日本では「下流老人」が激増中だ。安倍政権は低所得の年金受給者に1人3万円の臨時給付金を配るというが、必要なのは選挙対策のバラマキではない。「貧困大国」と呼ばれるアメリカでは、じつは低所得者向けの公的扶助は結構整っている。月150ドルほどのフードスタンプ(食料クーポン)のほかに、連邦社会保障局(SSA)が運営し月額750~850ドル(約9万~10.2万円)が支給される補足的保障所得(SSI)、子どものいる困窮家庭への貧困家庭一時扶助(TANF)などがある。ジャーナリストの矢部武は日本には、下流老人へのセーフティーネットが必要だと訴える。
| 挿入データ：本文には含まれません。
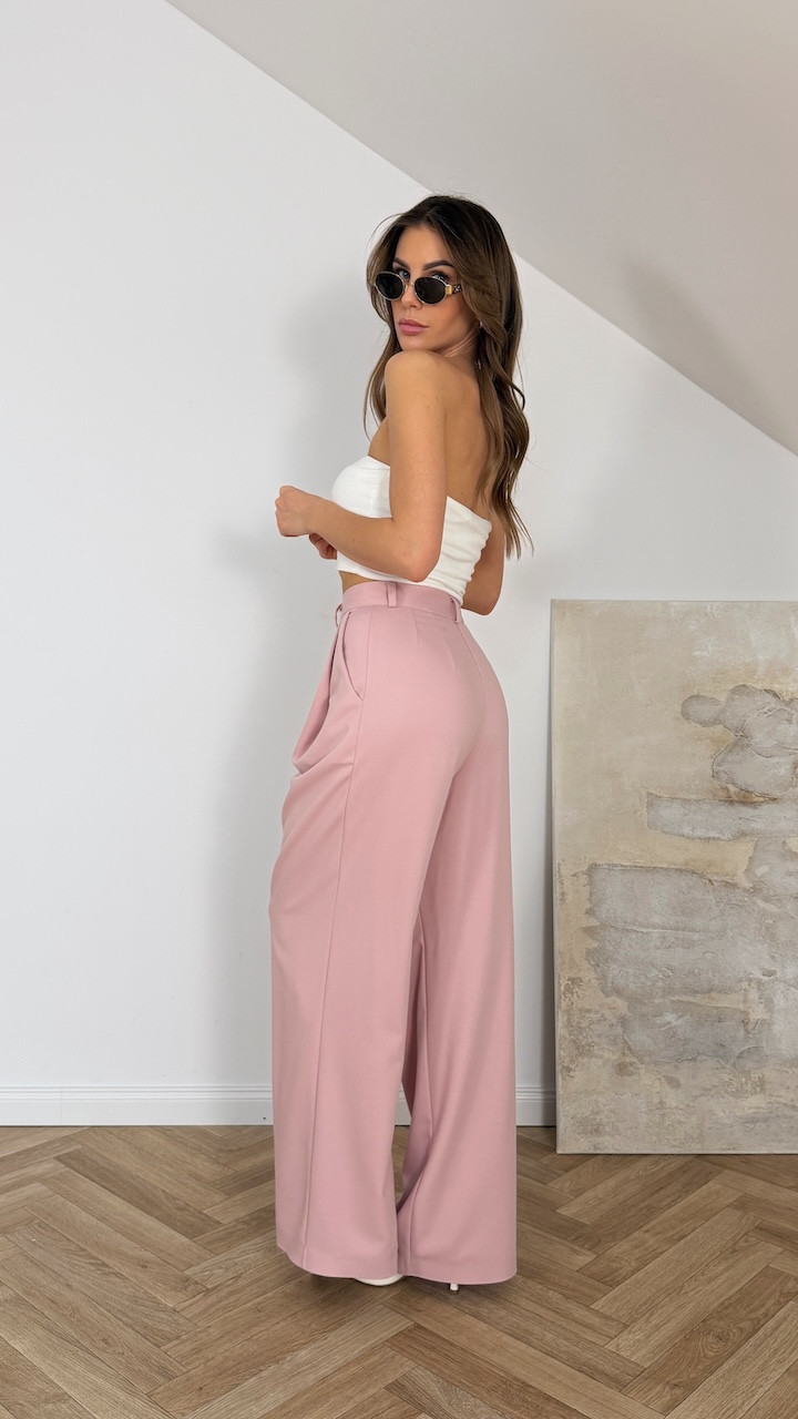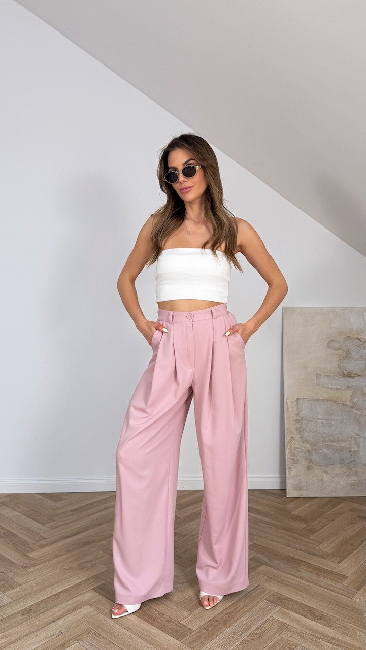 Spodnie eleganckie z prostą nogawką VENICE PUDROWY RÓŻ

「貧困大国」と呼ばれるアメリカだが、じつは65歳以上の高齢者の貧困率は日本よりはるかに低い。米国勢調査によれば、14年の貧困率は14.8%だが、65歳以上では10.0%だ。一方、厚生労働省が14年7月にまとめた「国民生活基礎調査」では、日本の貧困率は16.1%で、65歳以上に限ると18%となっている。国全体の貧困率は大差ないのに、65歳以上では日本のほうがはるかに高い。この数字に日米両国の高齢者の貧困対策に取り組む姿勢と公的支援の中身の違いが表れているようだ。
日本に必要なのは一時しのぎの対策ではなく、下流老人の生活と尊厳を守るための体制作りである。筆者は今回の取材をもとに三つの提案をしたい。
まずは下流老人の最後の砦である生活保護を使いやすくすることだが、そのためには申請者の親族への扶養照会は見直したほうがよいのではないか。他の先進国を見ても、親族に扶養義務を課しているのはイタリアくらいで、アメリカ、イギリス、オーストラリアなどほとんどの国では受給条件として問われるのは個人の資格だけである。
「親族への扶養照会があるから生活保護を申請したくないという高齢者は多く、孤立死の原因にもなっています。要するに、息子や娘に迷惑をかけたくないのです」(生活困窮者への支援活動を行っているNPO法人「ほっとプラス」代表理事の藤田孝典さん)
親族に頼めないから役所に行っているのに、役所から親族に連絡がいくとなればますます申請しにくくなってしまう。このような状況を反映し、日本の生活保護の捕捉率は先進国の中で最低レベルにある。